— Ну как там, дома-то?
Маринка подняла на него изумленные глаза и без обиняков, резко, в упор бросила:
— Не надо предисловий. У студентов мало времени, выкладывай, зачем пожаловал.
Маринка, знакомая с детства, была чужой, строгой, говорила обидные слова. Она высмеивала вычурные манеры и плоские словечки «старичков», сравнивала этих парней с мухоморами, бьющими в глаза людям яркой окраской.
— Да пойми же ты, — пушила его Маринка, — что мухомор не берут люди, а сшибают его пинком. Вот и тебя и всю твою компанию сшибает с корня сама жизнь. Понятно?

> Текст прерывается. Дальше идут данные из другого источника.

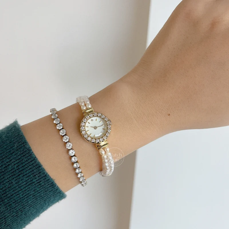 Dainty Gold Watch Elegant Freshwater Pearl Band Watch for Women

Может, потому, что никто так резко не говорил с ним, а может, оттого, что слова эти принадлежали любимой девушке, Женька не мог возразить, не нашел ни одного слова в оправдание, а только попросил:
— Приходи, Маринка. Ладно? Я буду ждать.
И Маринка пришла.
— Не трать зря времени, — сказала она ему, — ты и так много его растранжирил. Вот тебе книжки за восьмой класс, принимайся за дело.
Женька бросил свою компанию, перестал не только пить, но и курить. До призыва в армию он закончил десятилетку, работал на целине.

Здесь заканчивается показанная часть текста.